Your answer should hold only the lines from the start of the data below through the line with "while S3 is", copied exactly, with pictures left out.

[Data section]

★ ★ ★

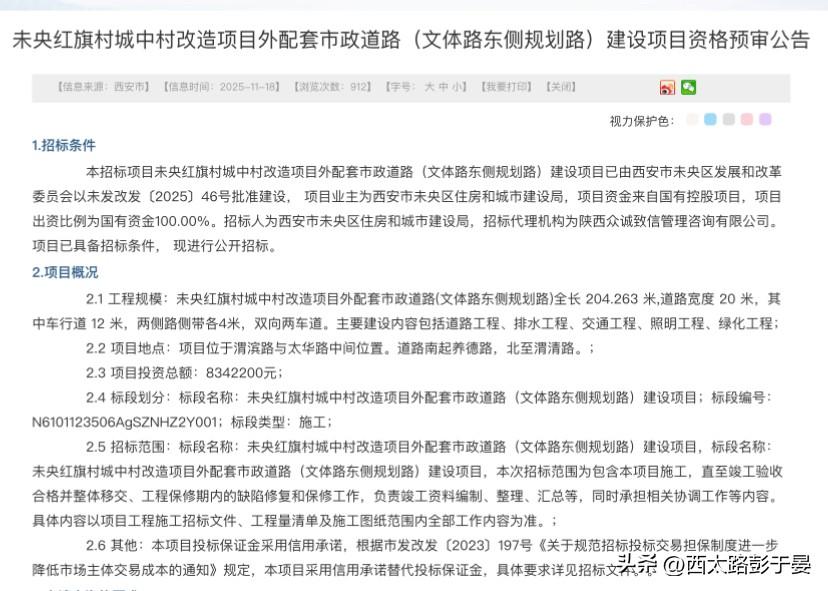 未央红旗村城中村改造项目外配套市政道路(文体路东侧规划路)建设项目资格预审公告 1.招标条件 本招标项目未央红旗村城中村改造项目外配套市政道路(文体路东侧规划路)建设项目已由西安市未央区发展和改革委员会以未发改发〔2025〕46号批准建设, 项目业主为西安市未央区住房和城市建设局,项目资金来自国有控股项目,项目出资比例为国有资金100.00%。招标人为西安市未央区住房和城市建设局,招标代理机构为陕西众诚致信管理咨询有限公司。项目已具备招标条件, 现进行公开招标。 2.项目概况 2.1 工程规模:未央红旗村城中村改造项目外配套市政道路(文体路东侧规划路)全长 204.263 米,道路宽度 20 米,其中车行道 12 米,两侧路侧带各4米,双向两车道。主要建设内容包括道路工程、排水工程、交通工程、照明工程、绿化工程; 2.2 项目地点:项目位于渭滨路与太华路中间位置。道路南起养德路,北至渭清路。; 2.3 项目投资总额:8342200元; 2.4 标段划分:标段名称:未央红旗村城中村改造项目外配套市政道路(文体路东侧规划路)建设项目;标段编号:N6101123506AgSZNHZ2Y001;标段类型:施工; 2.5 招标范围:标段名称:未央红旗村城中村改造项目外配套市政道路(文体路东侧规划路)建设项目,标段名称:未央红旗村城中村改造项目外配套市政道路(文体路东侧规划路)建设项目,本次招标范围为包含本项目施工,直至竣工验收合格并整体移交、工程保修期内的缺陷修复和保修工作,负责竣工资料编制、整理、汇总等,同时承担相关协调工作等内容。具体内容以项目工程施工招标文件、工程量清单及施工图纸范围内全部工作内容为准。; 2.6 其他:本项目投标保证金采用信用承诺,根据市发改发〔2023〕197号《关于规范招标投标交易担保制度进一步降低市场主体交易成本的通知》规定,本项目采用信用承诺替代投标保证金,具体要求详见招标文件。。
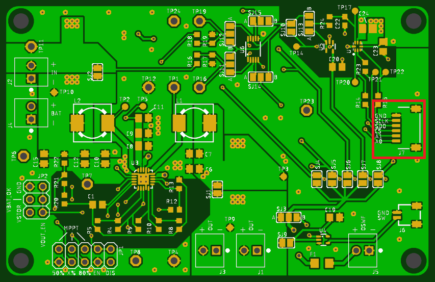 while S3 is connected to the output of the CSA measuring the bq25570 buck converter output current and S4 is connected to the output of the CSA measuring the bq25570 boost charger input current. The following image shows the location of connector J7, which contains the A0 and A1 inputs.
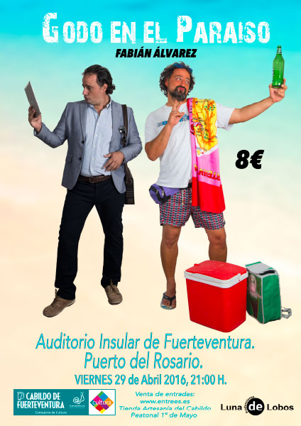 El actor Fabián Álvarez se sube este viernes, 29 de abril, al escenario del Auditorio Insular de Puerto del Rosario, con el monólogo ‘Godo en el Paraíso’. La función tendrá lugar a las 21.00 horas, dentro de las actividades de la Agenda de Cultura del Cabildo de Fuerteventura, que coordina Juan Jiménez.

★ ★ ★

[Exercise result]
 未央红旗村城中村改造项目外配套市政道路(文体路东侧规划路)建设项目资格预审公告 1.招标条件 本招标项目未央红旗村城中村改造项目外配套市政道路(文体路东侧规划路)建设项目已由西安市未央区发展和改革委员会以未发改发〔2025〕46号批准建设, 项目业主为西安市未央区住房和城市建设局,项目资金来自国有控股项目,项目出资比例为国有资金100.00%。招标人为西安市未央区住房和城市建设局,招标代理机构为陕西众诚致信管理咨询有限公司。项目已具备招标条件, 现进行公开招标。 2.项目概况 2.1 工程规模:未央红旗村城中村改造项目外配套市政道路(文体路东侧规划路)全长 204.263 米,道路宽度 20 米,其中车行道 12 米,两侧路侧带各4米,双向两车道。主要建设内容包括道路工程、排水工程、交通工程、照明工程、绿化工程; 2.2 项目地点:项目位于渭滨路与太华路中间位置。道路南起养德路,北至渭清路。; 2.3 项目投资总额:8342200元; 2.4 标段划分:标段名称:未央红旗村城中村改造项目外配套市政道路(文体路东侧规划路)建设项目;标段编号:N6101123506AgSZNHZ2Y001;标段类型:施工; 2.5 招标范围:标段名称:未央红旗村城中村改造项目外配套市政道路(文体路东侧规划路)建设项目,标段名称:未央红旗村城中村改造项目外配套市政道路(文体路东侧规划路)建设项目,本次招标范围为包含本项目施工,直至竣工验收合格并整体移交、工程保修期内的缺陷修复和保修工作,负责竣工资料编制、整理、汇总等,同时承担相关协调工作等内容。具体内容以项目工程施工招标文件、工程量清单及施工图纸范围内全部工作内容为准。; 2.6 其他:本项目投标保证金采用信用承诺,根据市发改发〔2023〕197号《关于规范招标投标交易担保制度进一步降低市场主体交易成本的通知》规定,本项目采用信用承诺替代投标保证金,具体要求详见招标文件。。
 while S3 is connected to the output of the CSA measuring the bq25570 buck converter output current and S4 is connected to the output of the CSA measuring the bq25570 boost charger input current. The following image shows the location of connector J7, which contains the A0 and A1 inputs.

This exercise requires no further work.